Papa glared at Sweyn. “The death of any living thing, be it a plant or an animal or a person is never ridiculous,” he said. “You will march in that funeral procession with your brothers.”

   
“At my age?”
Sweyn asked with a startled look. “Marie Vinson will think I’ve gone crazy.”

   
“That isn’t what she will think,” Papa said. “It is just what you think, and I don’t like your thinking at all.”

   
It was almost worth Old Butch dying to see Papa put Sweyn in his place for a change. After I’d eaten, I ran to the barn to tell Tom the good news about how Papa had really told off Sweyn.

   
“It’s about time,” Tom said “Sweyn is getting too big for his britches.
Now, J.D., stand as honor guard.
Any mourners that come before I get
back,
let them pat the coffin and say good-bye to Old Butch.”

   
In a little while kids started coming into the barn from all over town to say good-bye to Old Butch. Then they stood in small groups, talking in whispers like people do at funerals. The band and everybody were there when Tom got back.

   
Tom began rehearsing the band. It sounded so bad at first that our cow began to moo, our team became restless, and Dusty began to neigh. But the band finally got so it didn’t sound half bad. It was time for the funeral procession to begin.

   
Basil and I pulled the hearse to the alley. Tom lined up the band behind us. The mourners fell in line, including Sweyn, who looked as if he wished he could find a hole and crawl into it. Tom gave the signal and the band started playing “Home Sweet Home” as the procession began to move up the alley. Following Tom’s instructions Basil and I turned when we got to Main Street and led the way right down the middle of Main Street, with the band playing “Home Sweet Home” over and over again.

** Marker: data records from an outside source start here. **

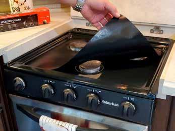 Stove Wrap’s stove top and oven protectors help RVers eliminate cleanup after grilling. The reusable protectors can be cut to fit any gas/electric BBQ, stove, oven or air fryer. Stove Wrap is heat resistant up to 550 degrees Fahrenheit. The protectors are nonstick, washable and nonflammable. Stove Wrap protects cooking surfaces from drips, spills and scuffs/scratches.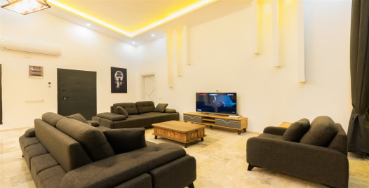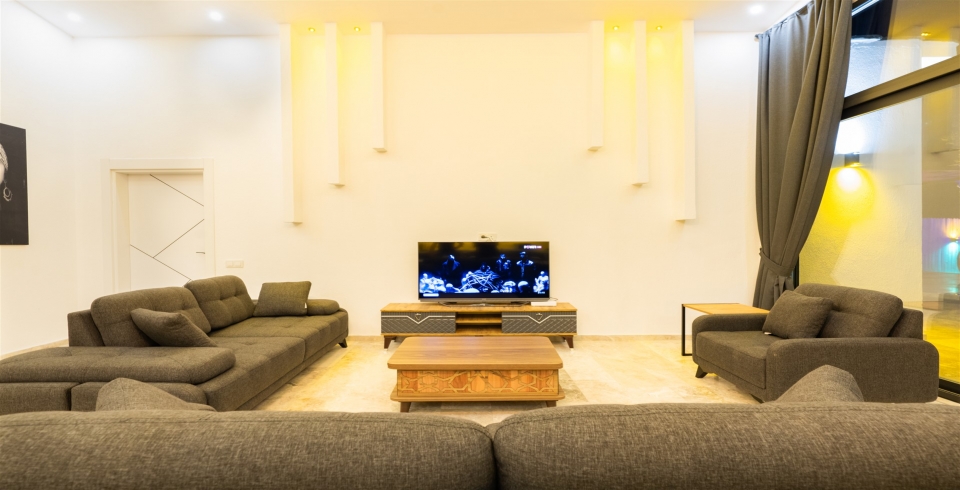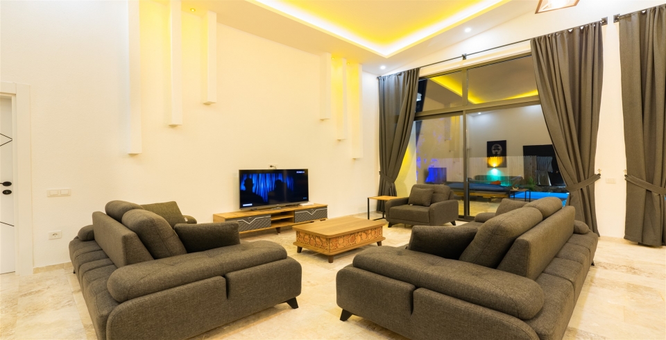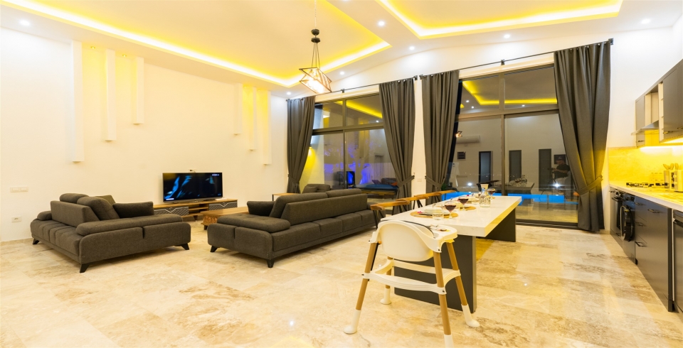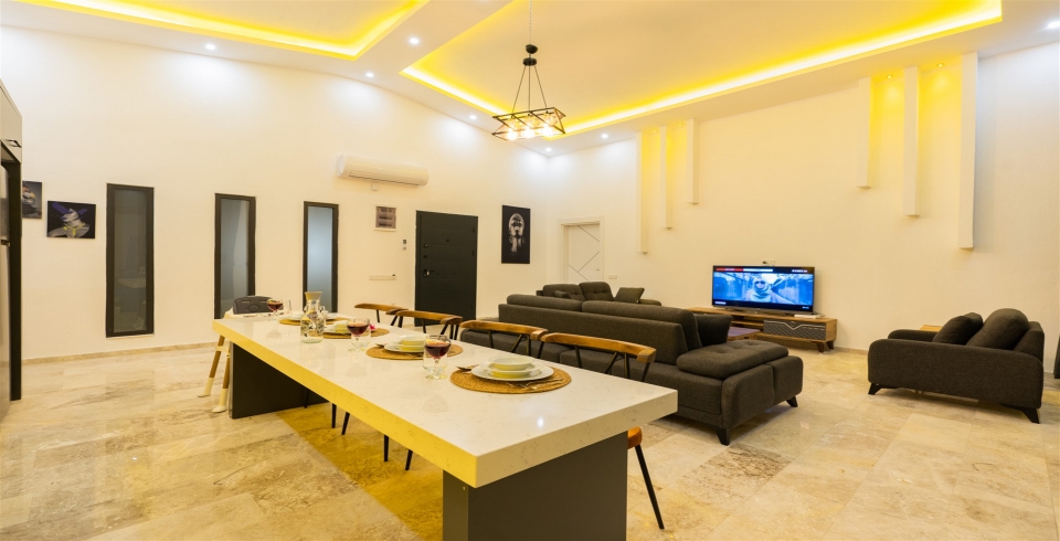 Salon: Villa salonunda oturma grubu, klima, TV, internet, uydu alıcı, yemek masası, sehpa bulunmaktadır.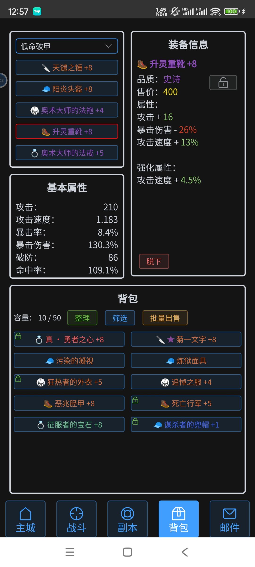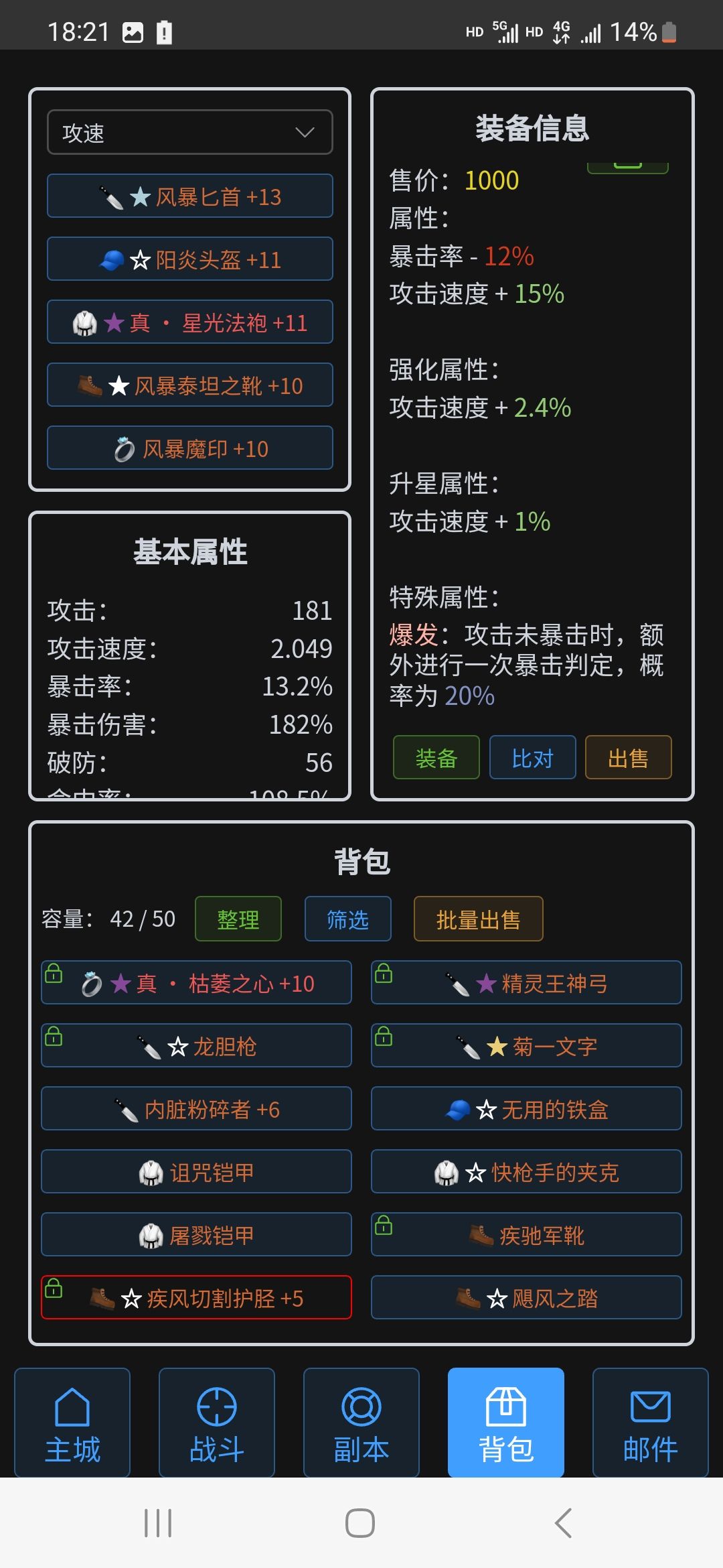 每天尽量提每日本层数,挂共斗攒装备,钻石全买金币,炒股攒金币。装备主养一套,副养一套。(⚠️以下两套装备仅是我个人推荐)(本部分提到所有橙色装备均考虑到未来发展性,可放心投入资源) 攻速套基础配置:风暴匕首 迅捷者两件套(绿装) 快枪手的夹克 风暴魔印 此时鞋子强化+8(攻速收益)的情况下攻速为2.568。优先强化鞋子和武器(攻击力)。 攻速阈值:1.71/2.01/2.51/3.34 进

I could see people coming out of stores and homes and people on the sidewalk staring at us. Then I saw Papa come out of the Advocate office. I thought some of the grownups might laugh and think it ridiculous like Sweyn. But they didn’t. When we got to the railroad tracks, I looked over my shoulder. Papa and about a hundred adults had joined the funeral procession. You would have thought we were burying the Mayor.

   
When we reached the grave site and stopped, the pallbearers placed the coffin in the grave. The band stopped playing. Then Tom stood beside the open grave and I’d never seen his face so solemn.

   
“I will now deliver the eulogy for Old Butch,” he said. “If ever there lived a good dog, it was Old Butch. He loved everybody, and everybody loved him. We are all going to miss Old Butch. But those who will miss him the most are kids whose parents won’t let them own a dog of their own. Old Butch took the place of the dogs they couldn’t have. And now that Old Butch is gone, these kids are going to be mighty brokenhearted. What these parents don’t realize is that a dog is a boy’s first great love except for his family. A family without a dog is like a house that is empty.” Tom stooped over and picked up a handful of dirt which he sprinkled on the coffin in the grave.
” ‘Dust
thou art and to dust thou return’,” he quoted. Then he nodded at Sammy.

   
Sammy put his cornet to his mouth and began to play “Taps”. He played so beautifully it made me cry. But I wasn’t the only one crying.

   
When Sammy finished blowing “Taps” for Old Butch, Seth and Basil picked up the shovels they had left there and began throwing dirt on the coffin. I thought the grownups would leave then, but they didn’t. They stayed until the last shovelful of dirt had been placed on the grave. Then they began to leave.

   
Uncle Mark and Papa walked to where Tom was standing.

   
“Thanks, Tom,” Uncle Mark said, and his voice was hoarse.

   
Papa put his hand on Tom’s shoulder. “I am going to give Old Butch an obituary in the Advocate,” he said. “And I’m going to let you write it just as you said it here today. Even in death Old Butch is going to make some boys happy. Mr. Gillis told me after hearing your eulogy that he is going to find a pup for his son, Roger. And there are others who heard your eulogy or who will read the obituary in the Advocate who will change their minds about their sons owning a dog. I’m proud of you, son.”